Reproduce the entries exactly, but keep the pictures out of the copy.

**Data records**
[Start of Attachment]

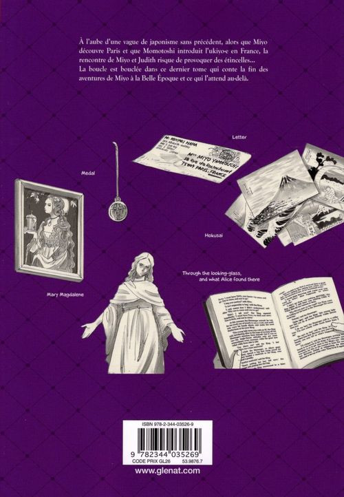 “À l’aube d’une vague de japonisme sans précédent, alors que Miyo découvre Paris et que Momotoshi fait découvrir l’ukiyo-e aux Français, la rencontre de Miyo et Judith risque de provoquer des étincelles… La boucle est bouclée dans ce dernier tome qui conte la fin des aventures de Miyo à la Belle Époque et ce qui l’attend au-delà.”
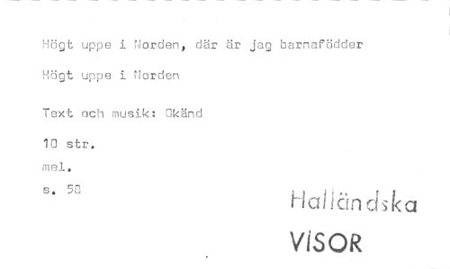 //// Högt uppe i Norden, där är jag barnafödder Högt uppe i Norden //// Text och musik: Okänd 10 str. //// s. 5C Hal ändsko //// VISOR ////
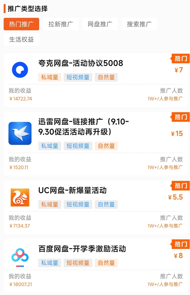 推廣價(jià)格,顯示收益,不同的網(wǎng)盤(pán)推廣價(jià)格不同,只要是當(dāng)天第一個(gè)點(diǎn)擊保存你的鏈接那么轉(zhuǎn)存收益就是你的,拉新就是新用戶(hù)注冊(cè)第一個(gè)點(diǎn)擊你的鏈接那么你就有拉新收益。xCr菜譜美食網(wǎng)-眾歸云 - 24小時(shí)不關(guān)機(jī)的云端電腦_云主機(jī)_VPS掛機(jī)寶_免費(fèi)掛機(jī)寶_0.1元試用,3-5元月租服務(wù)器提供
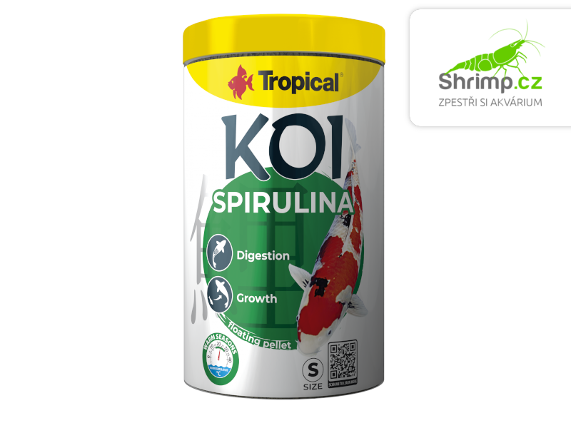Tropical Koi Spirulina Pellet S je plnohodnotné krmivo pro denní krmení mladých kaprů KOI a velké Závojnatky, obsahující všechny nepostradatelné výživové složky. Je obohaceno o Spirulinu i jiné výživné složky, které ovlivňují správný rozvoj svalstva a pěkné vybarvení ryb.
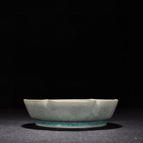 宋代瓷器精品老货收藏 宋汝窑天青釉冰裂纹葵口洗1
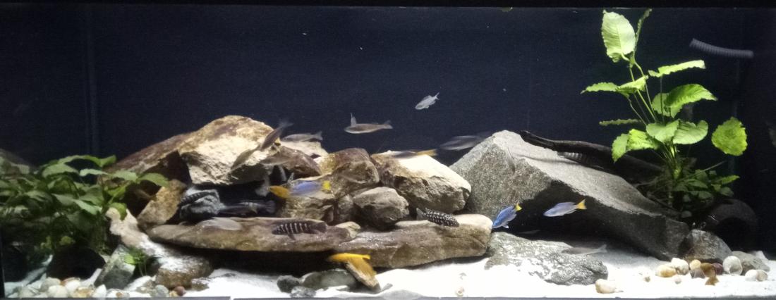 Potreboval som odchytiť 4 olivaceusi keďže už tri samice sa vytierali a strašne sa rozmáhali. A to nešlo bez vybratia kameňov, takže došlo k čiastočnej prerábke. Nechal som len pár. Z pôvodných 6ks ostal tiež pár J.marlieri. Ostatné sú v pôvodných počtoch, similisi museli byť už skôr preložené do samostatnej nádrže. Okrem N.cylindricus sa všetko aspoň raz vytrelo. Momentálne na moju veľkú radosť majú mladé L.kendali (ešte nerozplávané), ktoré ako som zistil nie je úplne ľahké odchovať. Pred pár dňami som priniesol Chalinochromis bifernatus (4ks) a Altolamprologus calvus white chaitika (6ks).

[End of Attachment]

**Written answer**
 “À l’aube d’une vague de japonisme sans précédent, alors que Miyo découvre Paris et que Momotoshi fait découvrir l’ukiyo-e aux Français, la rencontre de Miyo et Judith risque de provoquer des étincelles… La boucle est bouclée dans ce dernier tome qui conte la fin des aventures de Miyo à la Belle Époque et ce qui l’attend au-delà.”
 //// Högt uppe i Norden, där är jag barnafödder Högt uppe i Norden //// Text och musik: Okänd 10 str. //// s. 5C Hal ändsko //// VISOR ////
 推廣價(jià)格,顯示收益,不同的網(wǎng)盤(pán)推廣價(jià)格不同,只要是當(dāng)天第一個(gè)點(diǎn)擊保存你的鏈接那么轉(zhuǎn)存收益就是你的,拉新就是新用戶(hù)注冊(cè)第一個(gè)點(diǎn)擊你的鏈接那么你就有拉新收益。xCr菜譜美食網(wǎng)-眾歸云 - 24小時(shí)不關(guān)機(jī)的云端電腦_云主機(jī)_VPS掛機(jī)寶_免費(fèi)掛機(jī)寶_0.1元試用,3-5元月租服務(wù)器提供
Tropical Koi Spirulina Pellet S je plnohodnotné krmivo pro denní krmení mladých kaprů KOI a velké Závojnatky, obsahující všechny nepostradatelné výživové složky. Je obohaceno o Spirulinu i jiné výživné složky, které ovlivňují správný rozvoj svalstva a pěkné vybarvení ryb.
 宋代瓷器精品老货收藏 宋汝窑天青釉冰裂纹葵口洗1
 Potreboval som odchytiť 4 olivaceusi keďže už tri samice sa vytierali a strašne sa rozmáhali. A to nešlo bez vybratia kameňov, takže došlo k čiastočnej prerábke. Nechal som len pár. Z pôvodných 6ks ostal tiež pár J.marlieri. Ostatné sú v pôvodných počtoch, similisi museli byť už skôr preložené do samostatnej nádrže. Okrem N.cylindricus sa všetko aspoň raz vytrelo. Momentálne na moju veľkú radosť majú mladé L.kendali (ešte nerozplávané), ktoré ako som zistil nie je úplne ľahké odchovať. Pred pár dňami som priniesol Chalinochromis bifernatus (4ks) a Altolamprologus calvus white chaitika (6ks).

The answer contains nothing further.